# Polaroid Double Exposures



## moliver (Oct 5, 2007)

A friend of mine told me about this method. After searching high and low on the web for an explanation of how to double expose Polaroids he had no luck, and came up with this. 

Also, he told me at a bar over a couple beers, so I think I'm butchering this explanation, if anyone has tried this of any other methods PLEASE post them here.

Onward.

Take a shot of anything, and cut out the actual 'picture' part of the Polaroid, so you're just left with the white frame.  Then, in a dark room or a dark bag or whatever, out pull out the package of film from the camera, and insert this frame into the top, so it's the next picture.

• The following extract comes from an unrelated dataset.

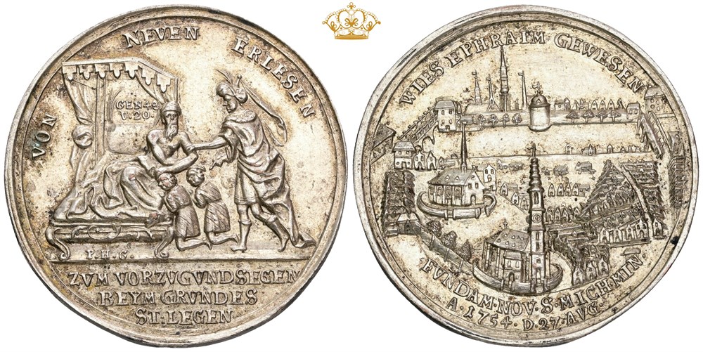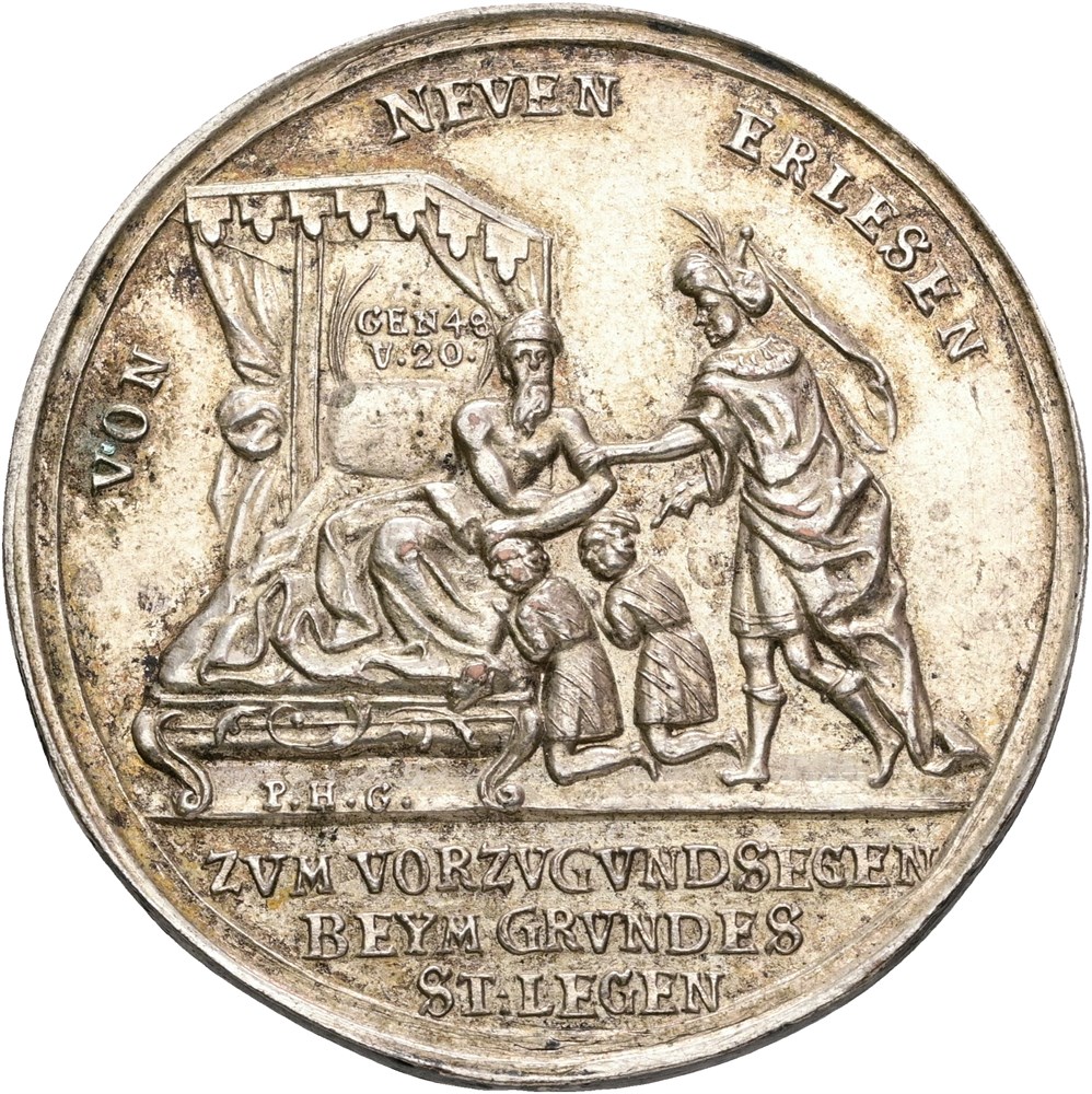 Laying of the foundation stone for St. Michael's Church, Hamburg, 1754, by P.H. Goedecke, 38 mm - silvered electrotype copy.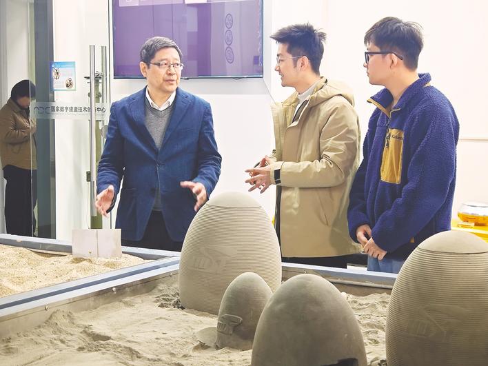 在国家数字建造技术创新中心,丁烈云院士(左)和学生们交流。(张歆 摄)

Now, when you take a picture the film BELOW the frame will be exposed, because the light will just go through the 'frame' to the next shot.  The camera will spit out your frame, and now the next shot in the camera is the one that was just exposed.  So when you snap that shot it'll spit out the doubly exposed Polaroid.

Voila!


----------



## Aquarium Dreams (Oct 5, 2007)

:hail:  Brilliant!  That has to work, due to Science.  I'll try it and post the results.


----------



## Aquarium Dreams (Oct 6, 2007)

I tried this with an empty film pack, just to see if the empty frame would go through, and it did not.  It got stuck and slightly mangled inside, and the shutter wouldn't depress until I opened it and pulled the torn pieces out.  If there had been film in there, the exposure would have been ruined.  Maybe it was just bad luck.  I'll try experimenting.  Also, if you're doing this, don't forget to stick an exposed Polaroid on top, or else the camera will spit out your empty frame when you close the film door.


----------